Wang's solicitation of employees by misrepresentation claim, pursuant to California's Labor Code, Section 970, is based on two alleged misrepresentations. First, Wang alleges that Khan misrepresented that there was an open project manager's position at Bell Howell. in support of this allegation, Wang contends that Khan hired him as a scapegoat to take the blame for Khan's inability to launch a network scanner project by June 1997. (Def.'s 56.1(a)(3) Statement ¶¶ 26-27). Second, Wang alleges that Khan misrepresented that Wang's employment with Bell Howell would be permanent Khan did not state the position would be permanent, but Wang believes that Khan "understood" that the position was permanent because Wang was relocating to Chicago from California. (Id., at ¶ 28, Wang's Dep. p. 49).
Section 970 of the California Labor Code prohibits employers from inducing "employees to move to, from, or within California by misrepresentation of the nature, length, or physical conditions of employment. Tyco Indus. v. Superior Court, 164 Cal.App.3d 148, 155 (1985). To prove a violation of Section 970, the plaintiff must show that the employer made a knowingly false statement Aguilera v. Pirelli Armstrong Tire Corp., 223 F.3d 1010, 1019 (9th Cir. 2000).
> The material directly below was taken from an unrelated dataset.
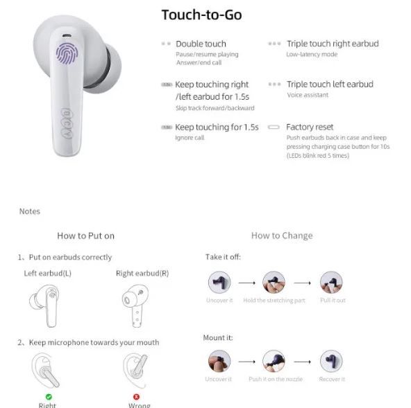 Навушники QCY T13X TWS мають мінімалістичний та стильний дизайн, що демонструє простоту без шкоди для естетики. Навушники виконані у класичному білому кольорі, що випромінює елегантність. Конструкція навушників-вкладишів забезпечує надійну посадку, що робить їх придатними для різних занять, включаючи тренування та щоденні поїздки на роботу. Компактні розміри забезпечують зручну посадку навіть за тривалого використання. Навушники також мають вбудований мікрофон, що дозволяє здійснювати дзвінки в режимі гучного зв’язку із чіткою передачею звуку.

In the instant case, Wang has failed to offer any evidence that Khan made a knowingly false statement as to the open project manager position or the term of his employment. Wang does not dispute that a project manager position was open at Bell Howell or that Salzman truthfully told him that such a position was open and that he wanted Wang to interview for the position. Furthermore, Wang offers no evidence that his employment at Bell Howell was not that of an at-will employee and that Khan knowingly made a false statement indicating otherwise. Plaintiff admits that Khan did not state that his employment was permanent and that the employment application that he signed specifically stated that employees were at-will. Instead, Wang believes that it was "understood" that his position was permanent because he was going to relocate. Wang has failed to come forward with any evidence establishing his claim on which he bears the burden of proof at trial, and he has failed to establish specific facts demonstrating that there is a genuine issue for trial. See Miller, 203 F.3d at 1003. Accordingly, Bell Howell's Motion for Summary Judgment is granted.